(Extracted data entries)
******
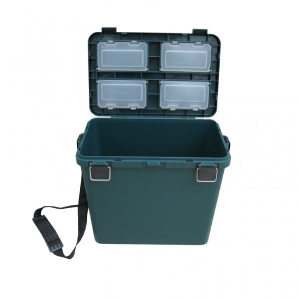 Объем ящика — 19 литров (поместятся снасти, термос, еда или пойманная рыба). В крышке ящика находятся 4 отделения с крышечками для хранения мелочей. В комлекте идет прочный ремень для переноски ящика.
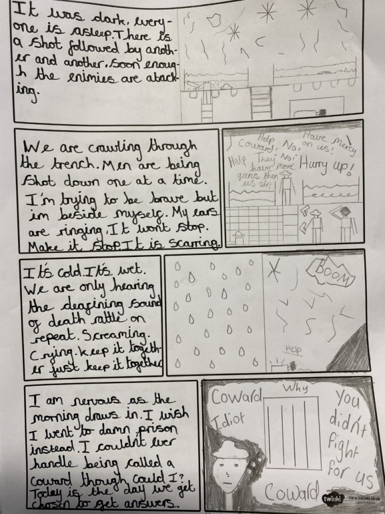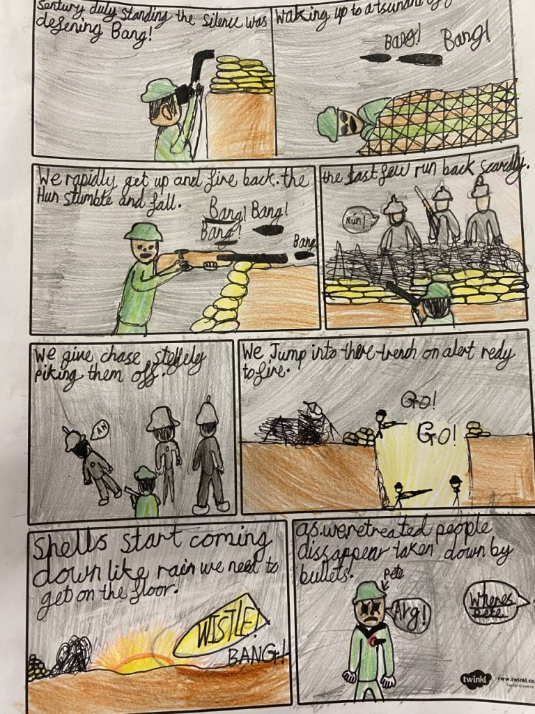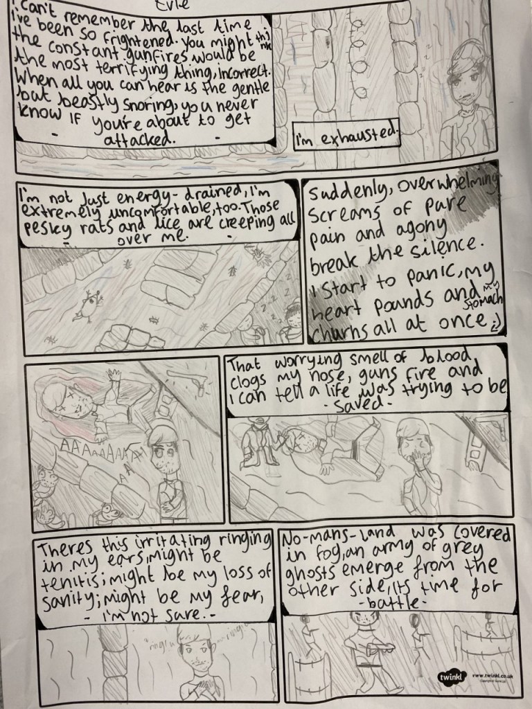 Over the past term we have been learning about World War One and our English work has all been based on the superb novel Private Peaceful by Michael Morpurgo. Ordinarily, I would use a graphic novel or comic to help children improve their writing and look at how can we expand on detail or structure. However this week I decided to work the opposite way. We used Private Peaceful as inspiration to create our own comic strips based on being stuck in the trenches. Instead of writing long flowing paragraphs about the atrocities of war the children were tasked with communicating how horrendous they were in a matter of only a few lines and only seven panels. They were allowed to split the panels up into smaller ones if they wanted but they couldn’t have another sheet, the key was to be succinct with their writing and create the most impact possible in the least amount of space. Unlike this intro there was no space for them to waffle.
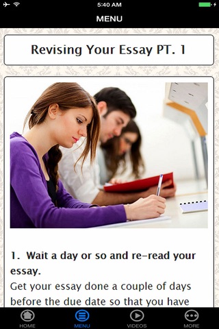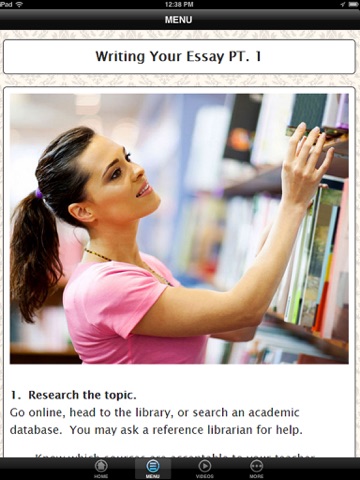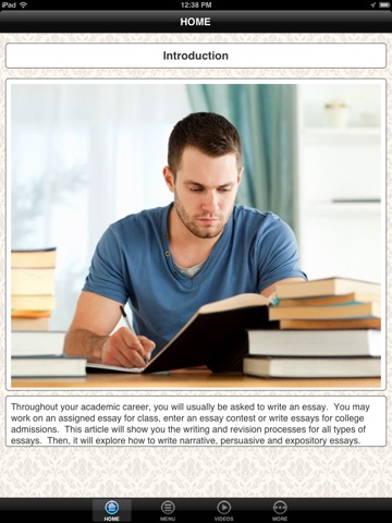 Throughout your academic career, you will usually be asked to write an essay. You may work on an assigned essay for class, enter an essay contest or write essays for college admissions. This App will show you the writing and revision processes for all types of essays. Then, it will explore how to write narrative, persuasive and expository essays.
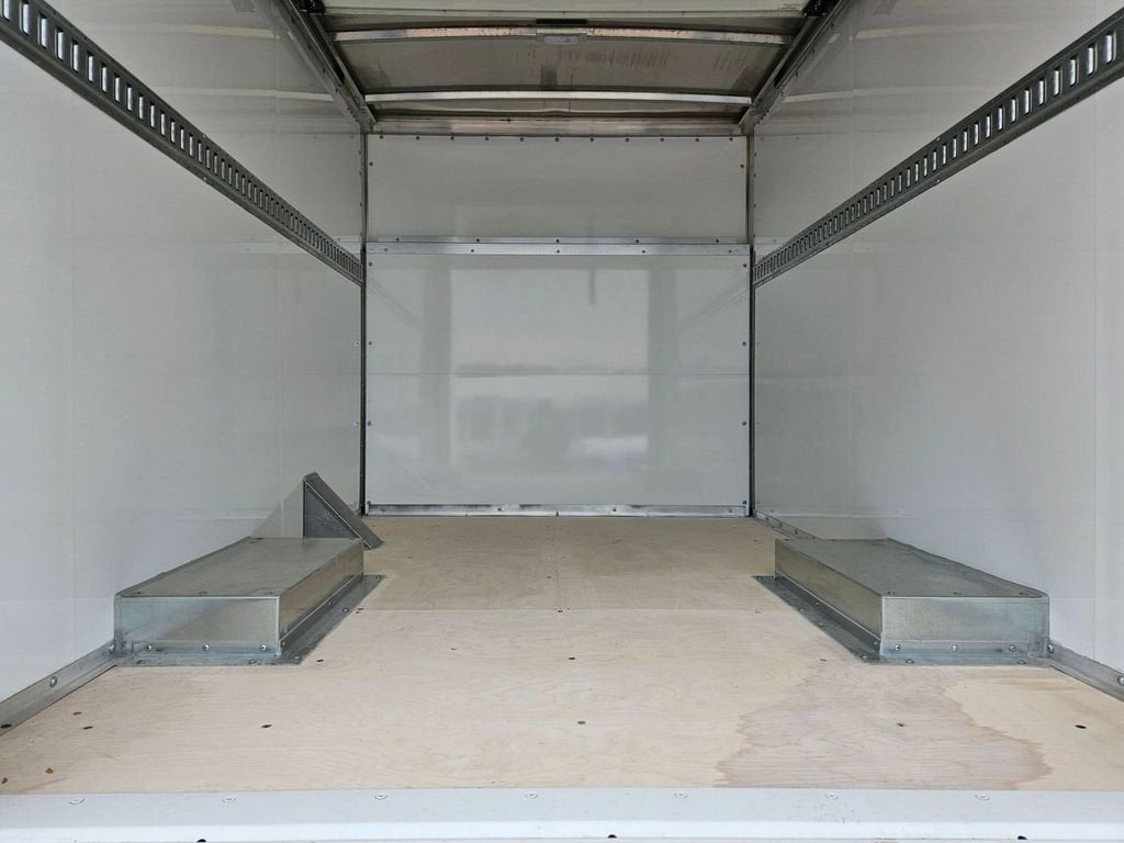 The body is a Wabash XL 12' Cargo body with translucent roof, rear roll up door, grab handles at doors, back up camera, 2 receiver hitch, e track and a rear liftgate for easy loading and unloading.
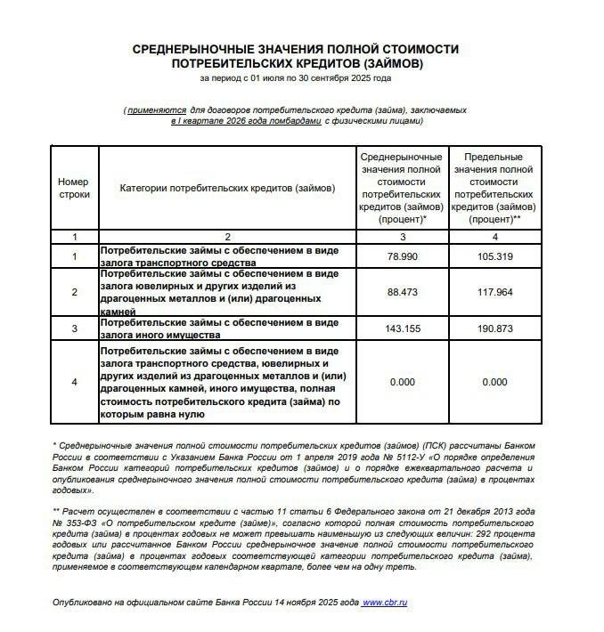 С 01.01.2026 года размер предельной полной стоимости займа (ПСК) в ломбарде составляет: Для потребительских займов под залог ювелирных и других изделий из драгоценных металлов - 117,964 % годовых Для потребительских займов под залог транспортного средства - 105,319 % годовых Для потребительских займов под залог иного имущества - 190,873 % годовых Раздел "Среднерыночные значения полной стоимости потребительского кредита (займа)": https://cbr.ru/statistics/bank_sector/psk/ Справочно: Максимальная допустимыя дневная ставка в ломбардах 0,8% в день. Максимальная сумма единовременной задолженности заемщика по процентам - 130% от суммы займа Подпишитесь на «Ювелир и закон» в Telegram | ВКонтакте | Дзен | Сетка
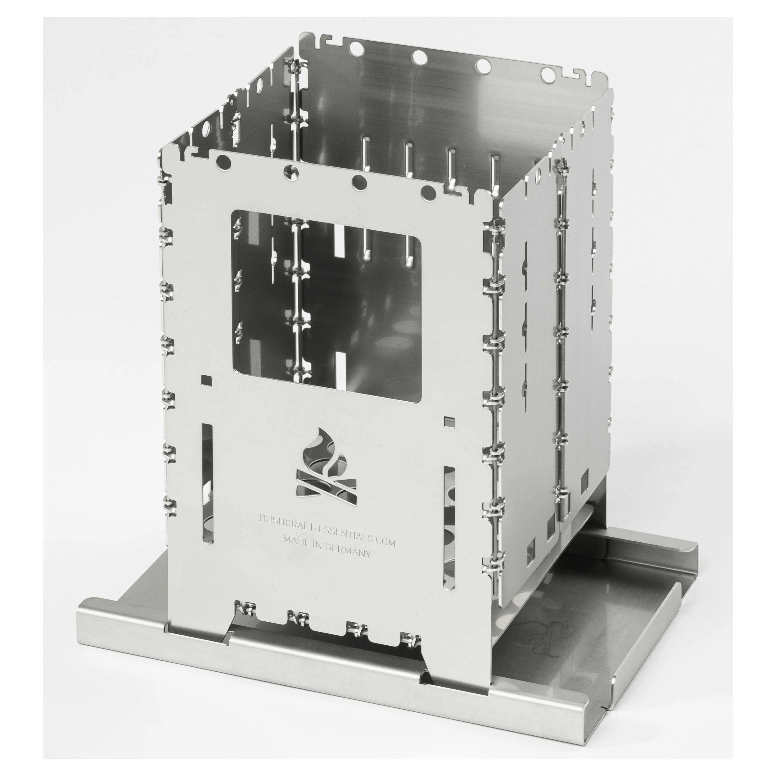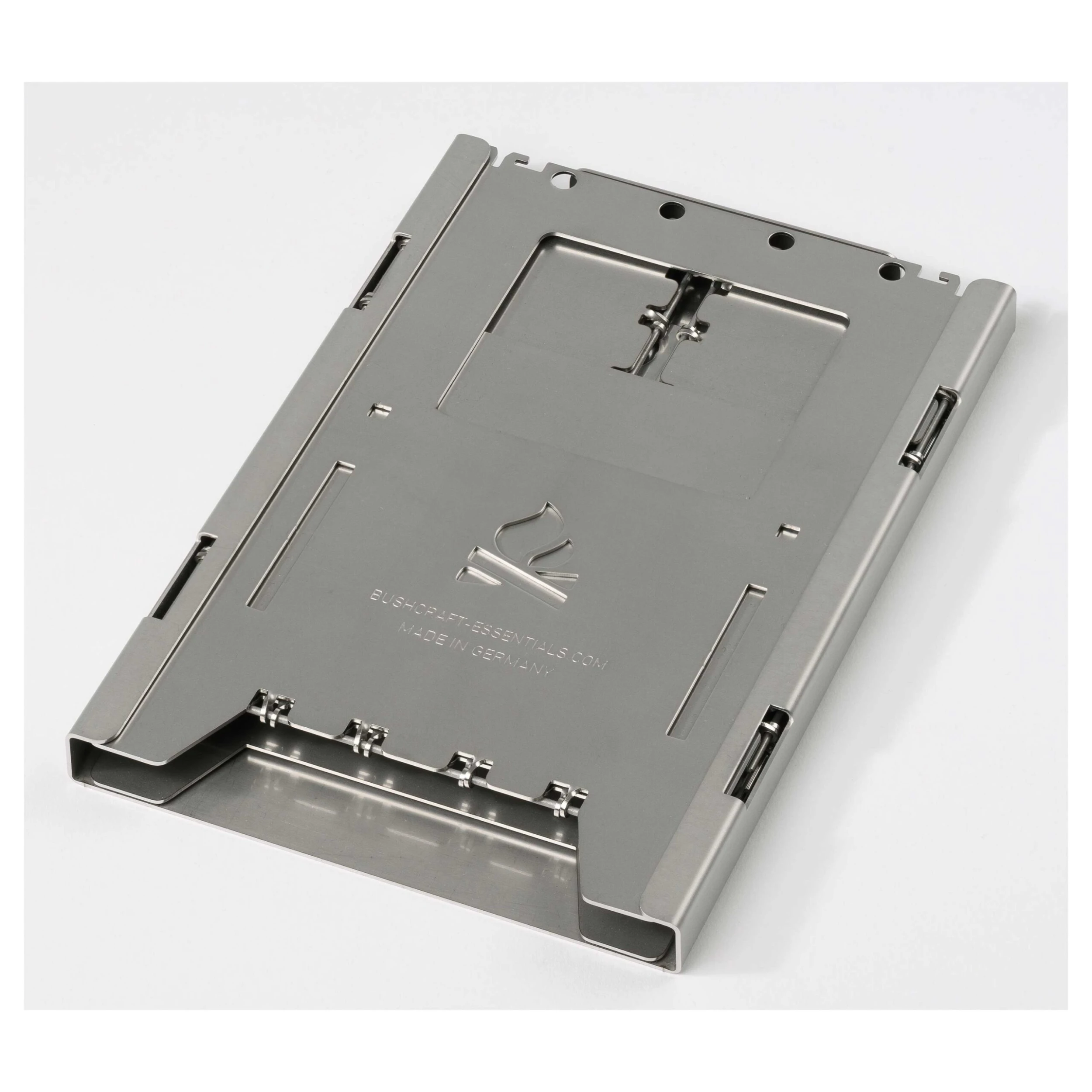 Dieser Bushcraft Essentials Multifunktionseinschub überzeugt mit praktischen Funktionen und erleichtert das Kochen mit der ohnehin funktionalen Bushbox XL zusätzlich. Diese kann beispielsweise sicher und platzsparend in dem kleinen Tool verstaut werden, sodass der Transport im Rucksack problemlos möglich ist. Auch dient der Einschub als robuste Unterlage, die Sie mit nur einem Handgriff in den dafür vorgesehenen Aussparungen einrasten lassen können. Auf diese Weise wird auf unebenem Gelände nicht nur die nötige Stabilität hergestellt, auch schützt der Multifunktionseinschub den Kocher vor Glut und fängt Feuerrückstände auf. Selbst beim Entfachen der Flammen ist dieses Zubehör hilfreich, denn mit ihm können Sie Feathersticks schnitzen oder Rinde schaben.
******
Work instructions: Skip the pictures and quote each line of the entries above, from the first through the line with "Throughout your academic", exactly as it appears.

Task result:
 Объем ящика — 19 литров (поместятся снасти, термос, еда или пойманная рыба). В крышке ящика находятся 4 отделения с крышечками для хранения мелочей. В комлекте идет прочный ремень для переноски ящика.
 Over the past term we have been learning about World War One and our English work has all been based on the superb novel Private Peaceful by Michael Morpurgo. Ordinarily, I would use a graphic novel or comic to help children improve their writing and look at how can we expand on detail or structure. However this week I decided to work the opposite way. We used Private Peaceful as inspiration to create our own comic strips based on being stuck in the trenches. Instead of writing long flowing paragraphs about the atrocities of war the children were tasked with communicating how horrendous they were in a matter of only a few lines and only seven panels. They were allowed to split the panels up into smaller ones if they wanted but they couldn’t have another sheet, the key was to be succinct with their writing and create the most impact possible in the least amount of space. Unlike this intro there was no space for them to waffle.
 Throughout your academic career, you will usually be asked to write an essay. You may work on an assigned essay for class, enter an essay contest or write essays for college admissions. This App will show you the writing and revision processes for all types of essays. Then, it will explore how to write narrative, persuasive and expository essays.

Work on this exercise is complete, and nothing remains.